Teatro closes season with revival of Pith!
By: Anna Borowiecki
| Posted: Wednesday, Oct 10, 2012 06:00 am
Teatro La Quindicina
October 11 to 27
10329 – 83 Ave.
Tickets: $22 to $27. Saturday matinees are $15. Tuesday evenings are pay-what-you-can. Call 780-420-1757 or at www.tixonthesquare.ca
This season Teatro La Quindicina celebrates its 30th anniversary, an incredible achievement for a small, and independent theatre troupe in Alberta.
Following a successful run of The Adulteress, A Grand Time in The Rapids and the Fringe’s Angels on Horseback, playwright-director Stewart Lemoine closes the season with one of the company’s most successful plays in the past three decades.
Pith!, the troupe’s most well-traveled production, is being revived with a completely new cast and opens Thursday at the Varscona Theatre for a 17-day run until Oct. 27.

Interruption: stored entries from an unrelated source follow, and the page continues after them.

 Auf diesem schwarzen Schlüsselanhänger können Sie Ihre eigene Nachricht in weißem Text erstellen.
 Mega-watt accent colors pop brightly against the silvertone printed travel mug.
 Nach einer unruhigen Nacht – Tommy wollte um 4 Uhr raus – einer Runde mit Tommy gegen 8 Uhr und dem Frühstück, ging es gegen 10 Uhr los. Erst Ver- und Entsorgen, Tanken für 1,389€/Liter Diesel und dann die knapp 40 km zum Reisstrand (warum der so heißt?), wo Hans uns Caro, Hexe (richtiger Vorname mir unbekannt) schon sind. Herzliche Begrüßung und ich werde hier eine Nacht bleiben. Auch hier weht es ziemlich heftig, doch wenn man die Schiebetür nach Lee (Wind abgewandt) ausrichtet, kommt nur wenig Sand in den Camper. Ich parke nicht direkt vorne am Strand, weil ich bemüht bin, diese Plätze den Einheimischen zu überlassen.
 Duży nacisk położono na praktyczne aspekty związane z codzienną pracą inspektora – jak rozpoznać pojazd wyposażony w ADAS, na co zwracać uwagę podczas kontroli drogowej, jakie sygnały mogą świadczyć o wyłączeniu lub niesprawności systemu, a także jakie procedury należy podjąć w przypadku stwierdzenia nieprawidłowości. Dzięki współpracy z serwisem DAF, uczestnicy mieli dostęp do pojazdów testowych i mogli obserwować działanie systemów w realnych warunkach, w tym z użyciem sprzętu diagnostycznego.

Andrew MacDonald-Smith plays the enigmatic Jack Vail. Kristi Hansen is the grieving widow about to embark on a journey. And St. Albert’s own Jenny McKillop is the vivacious and intrepid Nancy.

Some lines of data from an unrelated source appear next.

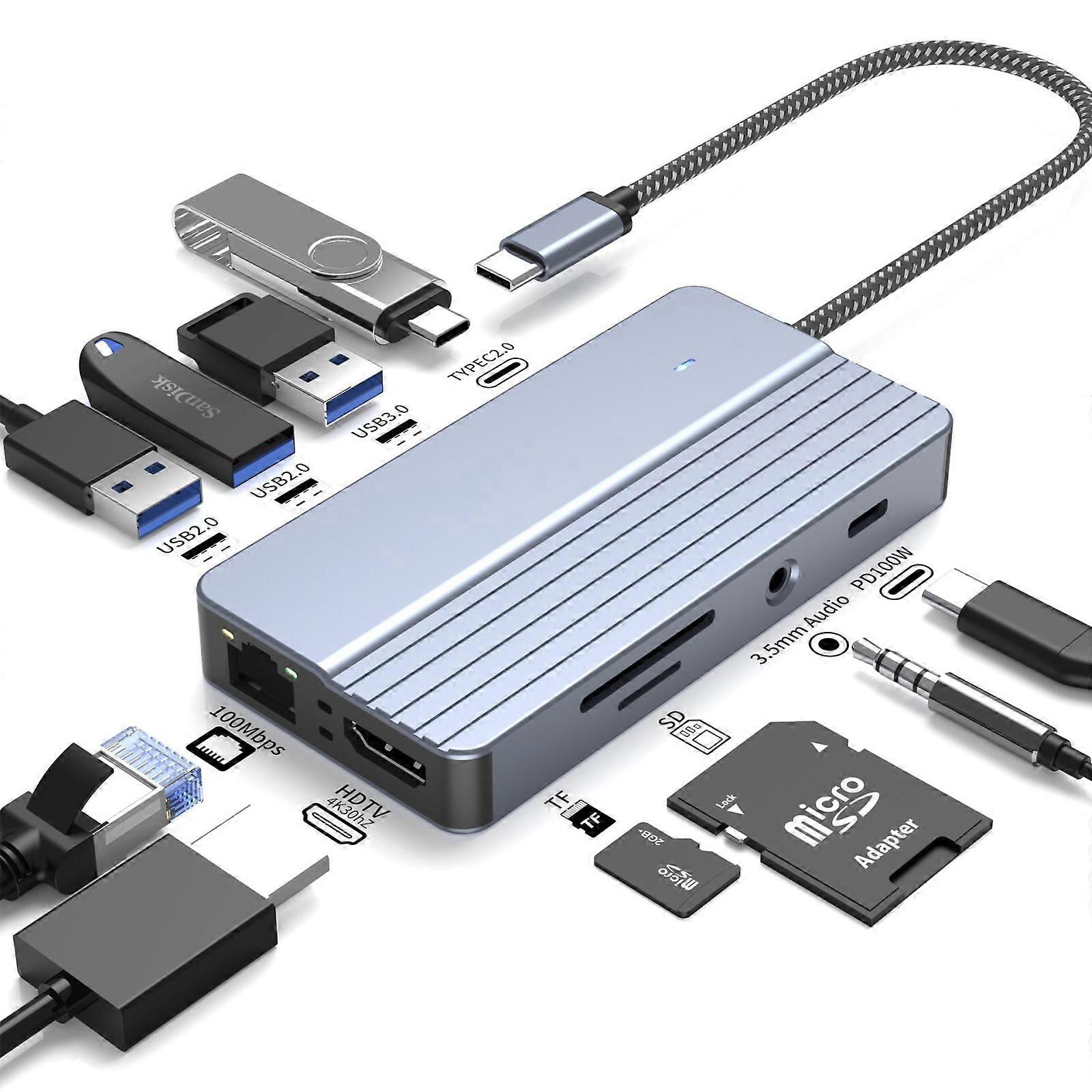10-In-1 USB-CType-C Hub With 100W Power Delivery, HDMI 4K 30Hz, USB 3.02.0 Ports, SDTF Card Reader, 100Mbps Ethernet & Audio Jack 1. 10-in-1 multifunctional Type-C docking station specifically designed for laptops and tablets, featuring a USB-C 3.1 interface and integrating 10 commonly used ports within a compact body. 2. The USB-C 3.1 interface boasts a theoretical transfer rate of 10Gbps, with backward compatibility for USB 3.0 (5Gbps) and USB 2.0 (480Mbps). Actual speeds may vary depending on device performance. 3. Power Delivery Output: Voltage: 5V-20V, Current: 3A-5A, Power: 15W-100W. 4. Cable: Cable length 18cm. 5. Expansion Ports: PD 100W + USB 3.0 + USB 2.0 x 2 + USB-C 2.0 + SDTF Card Reader + HDMI 4K 30Hz + RJ45 100Mbps Ethernet + 3.5mm Audio Jack (supports voice calls).
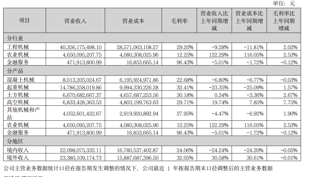 公司主要从事工程机械、农业机械和矿山机械的研发、制造、销售和服务。工程机械包括混凝土机械、起重机械、土石方施工机械、高空作业机械、桩工机械、应急救援装备、叉车等,主要为基础设施建设、房地产建设、采矿业、工业及制造等行业服务;农业机械包括耕作机械、收获机械、烘干机械、农业机具等,主要为农业生产提供育种、整地、播种、田间管理、收割和烘干储存等生产全过程服务。
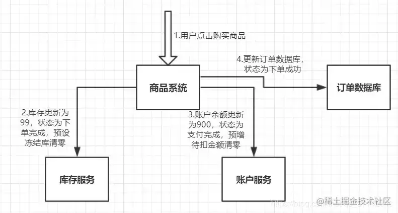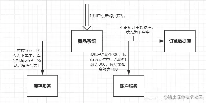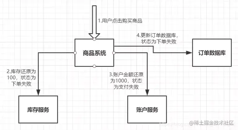在用户整个购买商品的过程中,我们需要保证事件1,2,3在没有异常的情况下全部执行成功,一旦某个系统抛出异常,都需要回滚。
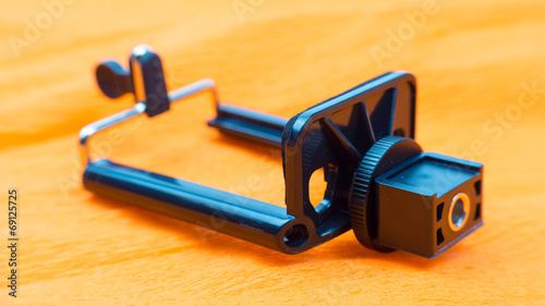 © nazlins, Fototapeta premium Shining Metal Mobile Smart Phone Landcsape Mount Holder Isolated
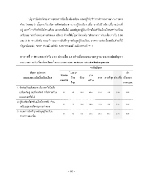 ตารางที่ 7.10 แสดงค่าร้อยละ ค่าเฉลี่ย และค่าเบี่ยงเบนมาตรฐาน ของระดับปัญหา

“It’s all about the power of the imagination and how theatre allows you to explore it,” says McKillop.
Set in 1931, Pith! is the adventurous tale of Virginia Tilford, a woman whose husband went searching for a silver mine a decade ago and never returned. Along with Nancy, her loyal maid, Virginia has mourned the loss for 10 years.

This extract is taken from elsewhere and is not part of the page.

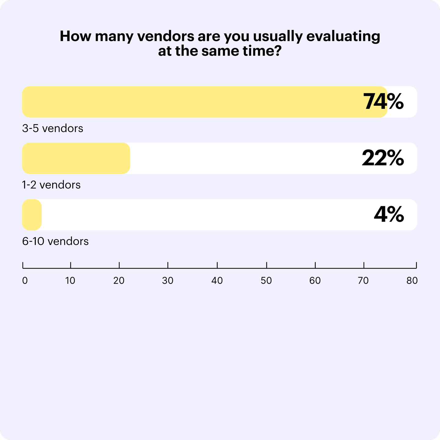 According to our survey, 74% of B2B buyers are evaluating 3-5 vendors at once, so never assume you’re the only company they’re talking to or being approached by.
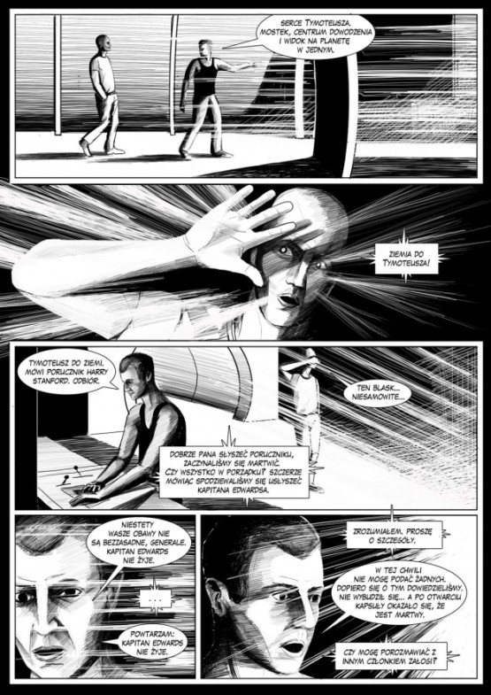 Na czarno-białych stronach „wybranych” poznamy historię astronautów, którzy dwa lata wcześniej wyruszyli w misję, której celem była odkryta planeta. Po dwuletniej hibernacji okazuje się, że ich dowódca nie żyje, a wśród załogi „Tymoteusza” musi być sabotażysta. Co się dzieje na pokładzie? I jaki wpływ na uczestników wyprawy ma nowa planeta? Tego wraz z bohaterami będą próbowali dowiedzieć się czytelnicy, którzy na razie pozytywnie przyjęli szczeciński debiut.

Nancy attends a church function, meets Jack and invites him to the house. A roving sailor and keen observer of humankind, Jack quickly gets to the heart of Virginia’s grief and loneliness.
He creates an epic and exhilarating tale of travel that takes them deep into the South American jungle without leaving the house. Using only four chairs and a phonograph, the threesome leave Providence, R.I, escaping to New Orleans, Panama and Ecuador.
During their living room odyssey they meet a progression of explorers, shysters, gigolos, natives and tropical plants that have life-changing effects on the ladies.
At times poignant, at times comical, the real “power of the play is that it allows Virginia to let go,” adds McKillop.
Lemoine has developed a reputation for suspending audiences in a Noel Coward-esque stylish world of wit, sophistication and glamour.
“This is one of his more thoughtful plays and it definitely hits a chord with me,” McKillop said. “It’s very affecting.”